◆ Material for the task:
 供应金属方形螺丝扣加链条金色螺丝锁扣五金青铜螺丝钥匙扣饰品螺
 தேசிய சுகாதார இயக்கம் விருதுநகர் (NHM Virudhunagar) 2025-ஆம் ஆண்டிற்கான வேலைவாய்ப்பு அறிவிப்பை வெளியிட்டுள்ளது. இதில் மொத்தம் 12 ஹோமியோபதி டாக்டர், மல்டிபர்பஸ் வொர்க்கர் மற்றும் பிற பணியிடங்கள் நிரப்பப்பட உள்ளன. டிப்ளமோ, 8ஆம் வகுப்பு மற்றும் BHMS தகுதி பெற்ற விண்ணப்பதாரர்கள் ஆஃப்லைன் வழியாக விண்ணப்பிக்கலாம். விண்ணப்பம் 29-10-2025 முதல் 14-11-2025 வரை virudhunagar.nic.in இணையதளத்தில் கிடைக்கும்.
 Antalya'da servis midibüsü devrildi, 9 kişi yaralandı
...
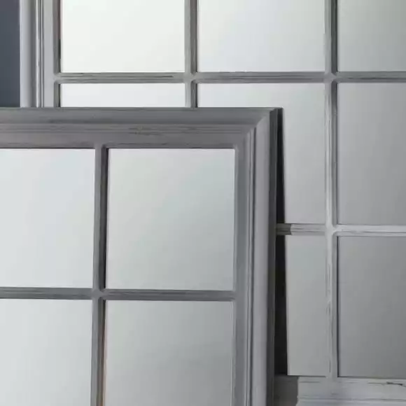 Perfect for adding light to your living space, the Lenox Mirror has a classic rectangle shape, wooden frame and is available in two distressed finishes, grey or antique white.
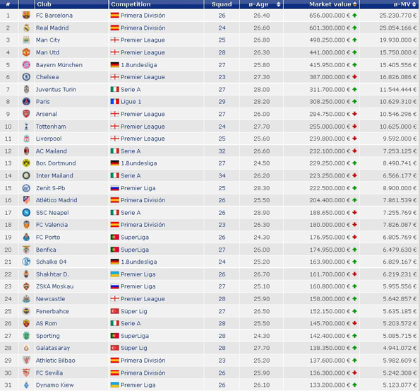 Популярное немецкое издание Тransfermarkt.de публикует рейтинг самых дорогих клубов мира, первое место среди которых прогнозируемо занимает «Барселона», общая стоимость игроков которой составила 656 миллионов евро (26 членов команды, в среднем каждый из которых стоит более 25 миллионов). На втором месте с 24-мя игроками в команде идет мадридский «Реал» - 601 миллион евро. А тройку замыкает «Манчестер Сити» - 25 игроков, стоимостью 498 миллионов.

◆ Goal of the exercise: Every line from the one with "Perfect for adding" through the one with "Популярное немецкое издание" is to be reproduced exactly as written above, and the pictures are to be dropped.

◆ Your response:
 Perfect for adding light to your living space, the Lenox Mirror has a classic rectangle shape, wooden frame and is available in two distressed finishes, grey or antique white.
 Популярное немецкое издание Тransfermarkt.de публикует рейтинг самых дорогих клубов мира, первое место среди которых прогнозируемо занимает «Барселона», общая стоимость игроков которой составила 656 миллионов евро (26 членов команды, в среднем каждый из которых стоит более 25 миллионов). На втором месте с 24-мя игроками в команде идет мадридский «Реал» - 601 миллион евро. А тройку замыкает «Манчестер Сити» - 25 игроков, стоимостью 498 миллионов.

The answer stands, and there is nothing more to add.